We reject the State's argument that introduction of this "highly and inherently prejudicial, irrelevant and inadmissible" evidence, Hudson, supra, 271 Ga. at 479, 521 S.E.2d 810, was rendered harmless merely by the State's proper tendering of those prior convictions underlying the possession charge. In a similar case in which the defendant was charged with possession of a firearm by a convicted felon, this Court found error where evidence of an independent offense (a 1994 aggravated assault conviction) was presented to the jury, despite evidence already before the jury that the defendant had been charged with possession of a firearm by a convicted felon based on a 1992 aggravated assault conviction. Id., 271 Ga. at 480, 521 S.E.2d 810. Although the error did not require reversal in Hudson, that was due to the admissibility of the evidence for impeachment purposes. No such independent ground is present here to warrant the introduction of this evidence. Compare id., 271 Ga. at 481(2, 521 S.E.2d 810). Finally, although the evidence was sufficient to authorize the jury's verdict, see Division 1, supra, we do not agree with the State that the evidence was so overwhelming that it is highly improbable the error did not contribute to the judgment. See Johnson v. State, 238 Ga. 59, 61, 230 S.E.2d 869 (1976). Accordingly, the trial court erred by denying appellant's motion for a mistrial.

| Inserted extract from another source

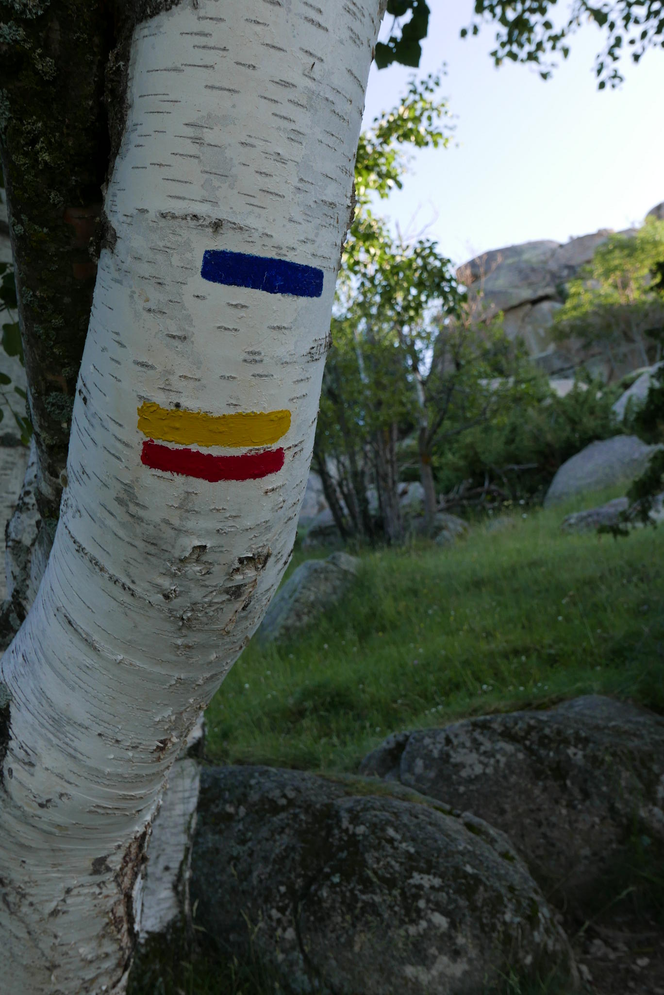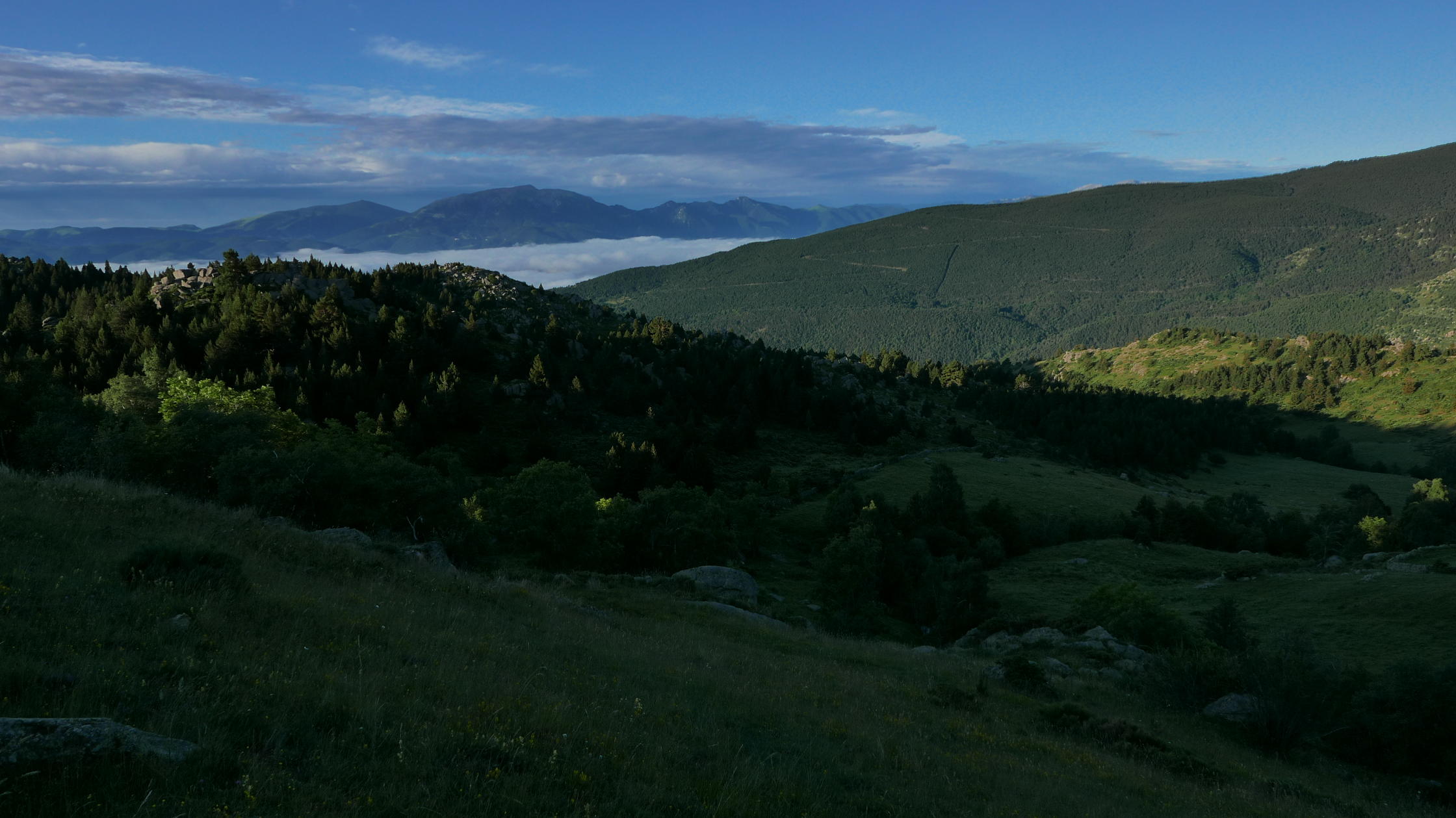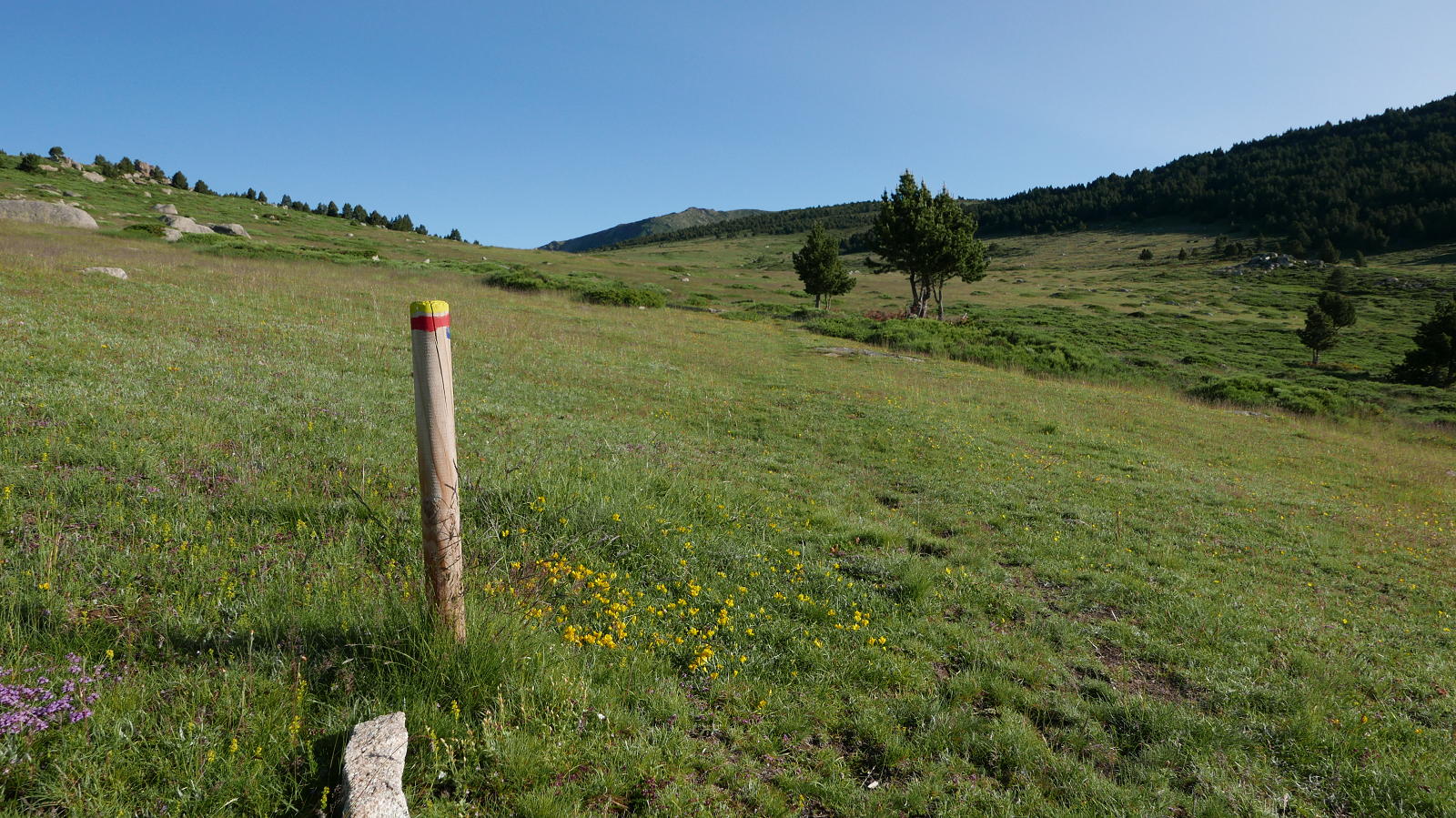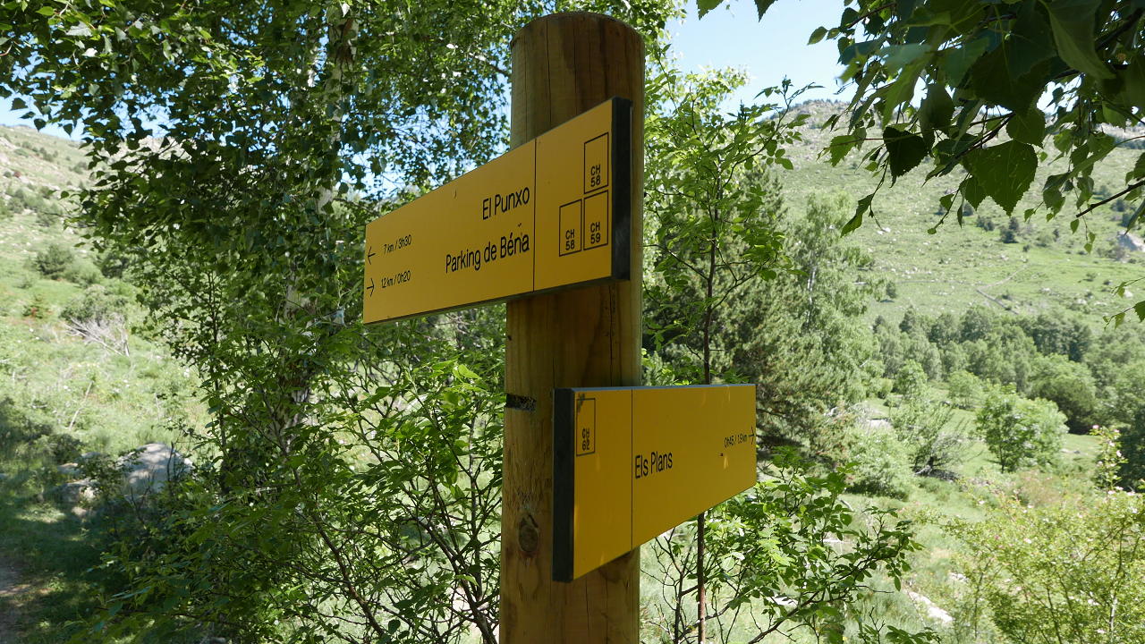 Descripción de la ruta: aparcamiento de Bena (1596m). Aquí llega la ruta que usaré en el descenso y que los carteles indican al Punxó, pero yo tomo la carretera hacia Bena y a unos 200m sale un camino indicado con carteles a la derecha (1585m 0h04′). Esta ruta de subida es mucho más interesante que la de bajada. Una agradable senda con poca pendiente y perfectamente balizada con pintura reciente en rojo/amarillo y azul. La hierba cargada de rocío me empapa botas y calcetines.

4. We need not address appellant's remaining enumerations, concerning the giving of a charge this Court subsequently disapproved in Harris v. State, 273 Ga. 608(2), 543 S.E.2d 716 (2001) and the overemphasis of certain testimony, as those matters are unlikely to recur upon retrial. Likewise, we do not reach the propriety of sentencing appellant on both felony murder and the underlying felony for that felony murder conviction. But see Davie v. State, 265 Ga. 800(3), 463 S.E.2d 112 (1995).

Judgment reversed.

All the Justices concur.

NOTES

[1] The crimes occurred on February 13, 1999. Johnson was indicted in Chatham County on October 6, 1999 on charges of malice murder, two counts of felony murder, aggravated assault, possession of a firearm by a convicted felon (specifically, the prior felonies of burglary and possession of a firearm by a convicted felon) and possession of a firearm during the commission of a crime. A jury found him guilty of felony murder based on possession of a firearm by a convicted felon, possession of a firearm by a convicted felon, and possession of a firearm during the commission of a crime, and acquitted him of the remaining charges. On April 17, 2000 Johnson was sentenced to life for the felony murder, five years consecutive for possession of a firearm by a convicted felon, and five years consecutive for possession of a firearm during the commission of a crime. Johnson filed a motion for new trial on April 13, 2000 and amended it three times. The trial court denied the motion by order filed February 5, 2002. A notice of appeal was filed February 28, 2002. The case was docketed April 2, 2002 and orally argued July 9, 2002.

[2] The State also introduced into evidence certified copies of appellant's prior felony convictions as alleged in the indictment.

[3] The transcript reveals that the prosecutor tendered into evidence "State's Exhibits 48, 49 and 50. They're certified copies of convictions of the defendant for theft by receiving stolen property, three different counts on three different occasions."

[4] The trial court noted that it had "move[d] the proceedings along as to not call attention" to the State's error. Defense counsel raised the possibility of a curative instruction but, recognizing that such a charge "would merely exacerbate the situation," took the position that only the grant of a mistrial could remedy the error.